Die richtige Infrarotheizung für Ihr Badezimmer auswählen – ohne Geld zu verschwenden
Niemand möchte nach einem heißen Duschgang in ein eiskaltes Badezimmer treten. Das ist ein großer Schock für den Körper. Doch wenn man einfach die stärkste Heizung, die man finden kann, an die Wand hängt, verbraucht man unnötig viel Strom – und gefährdet außerdem die Funktionalität der Heizung selbst.
Der Schlüssel liegt darin, die Leistung der Heizung an die Größe des Raumes anzupassen.
Die richtige Leistung wählen
Man kann hier nicht einfach raten. Wenn es sich um ein kleines Badezimmer handelt (unter 4 m²), reicht eine Heizung mit 250 W bis 400 W aus. Dadurch wird das Badezimmer schnell warm. Wenn man in einem kleinen Raum übermäßig starke Heizungen verwendet, schaltet sich der Thermostat alle zwei Minuten ein und aus. Dadurch werden die Schaltkreise beschädigt. Das ist kein guter Weg, sein Geld auszugeben.
Für mittelgroße Badezimmer (5 m² bis 10 m²) eignen sich Heizungen mit 600 W bis 800 W. Bei sehr großen Badezimmern (über 12 m²) hat man mehr Möglichkeiten: Man kann entweder eine leistungsstarke Heizung mit 1000 W+ verwenden – oder, wie ich es bevorzuge, mehrere kleinere Heizgeräte nutzen. So entstehen keine zu heißen Stellen und keine zu kalten Ecken.
Warum Infrarotheizungen funktionieren
Die meisten Heizungen versuchen, die Luft zu erwärmen. Doch Luft ist flüchtig – sie bewegt sich und entweicht. Infrarotheizungen sind anders: Es handelt sich dabei um Strahlungswärme, die in gerader Linie auf einen zu trifft – direkt auf einen selbst oder auf den Boden.
Wir verwenden Quarzglasröhren, um diese Wärme zu bündeln. Das Ergebnis? Man spürt die Wärme bereits im Moment, in dem man den Schalter betätigt. Man muss nicht warten, bis sich der Raum vollständig aufgeheizt hat.

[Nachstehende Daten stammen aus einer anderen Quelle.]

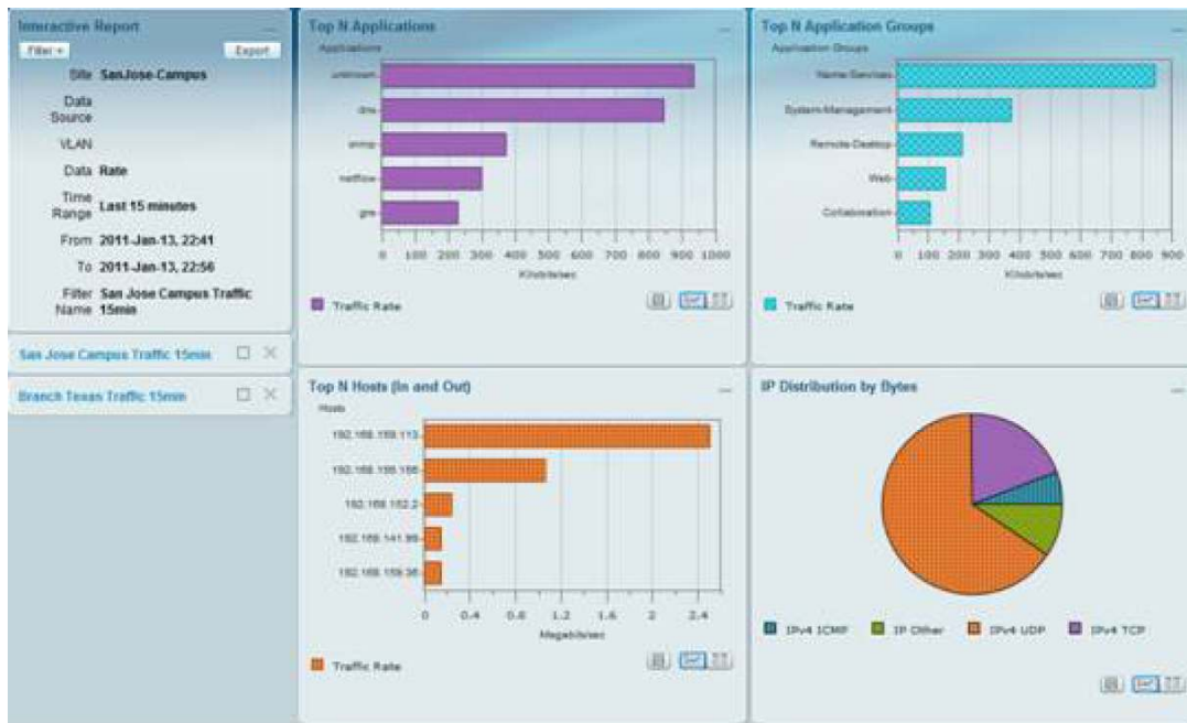
Figure 2. Cisco NAM Traffic Summary Dashboard

The Cisco Catalyst 6500 Series and Cisco 7600 Series NAM includes a snappy graphical user interface (GUI) with dashboards (Figure 2) to give you an immediate view of network performance and workflows to help you simplify problem detection and resolution. It also uses a rich set of Cisco infrastructure features as sources of data, such as Switched Port Analyzer (SPAN) packet data and NetFlow, giving you more ways to see and understand what's happening on your network. And, with an array of vital features and functions, such as a new embedded Performance Database, which preserves historical data, allowing you to understand what happened in the past when a network event that affected performance occurred, the Cisco NAM makes it easier than ever before to manage and improve network and application performance anytime and anywhere.

Aber hier gibt es ein Problem: Badezimmer sind feucht. Deshalb ist eine Schutzklasse von IP65 unerlässlich. Dabei handelt es sich um einen Schutz, der Dampf und Spritzer von den Elektronikkomponenten fernhält. Ohne diesen Schutz kann Feuchtigkeit die heißen Quarzglasröhren beschädigen – oder schlimmer noch, die Elektrik zerstören.
Die Vor- und Nachteile
Mehr Leistung bedeutet, dass man schneller warm wird. Aber das setzt auch viel Belastung auf die Elektrik. Wenn man drei 1000-W-Heizgeräte an ein einziges 10-A-Kabel anschließt, besteht die Gefahr, dass der Schalter auslöst. Prüfen Sie daher unbedingt den Querschnitt der Kabel, bevor Sie mit hohen Leistungen arbeiten.
Andererseits neigen Heizgeräte mit geringerer Leistung dazu, kühler zu bleiben und länger zu funktionieren. Denken Sie jedoch daran: Bei sehr hohen Deckenhöhen oder ohne Isolierung kann es schwierig sein, mit einer kleinen Heizung auszukommen.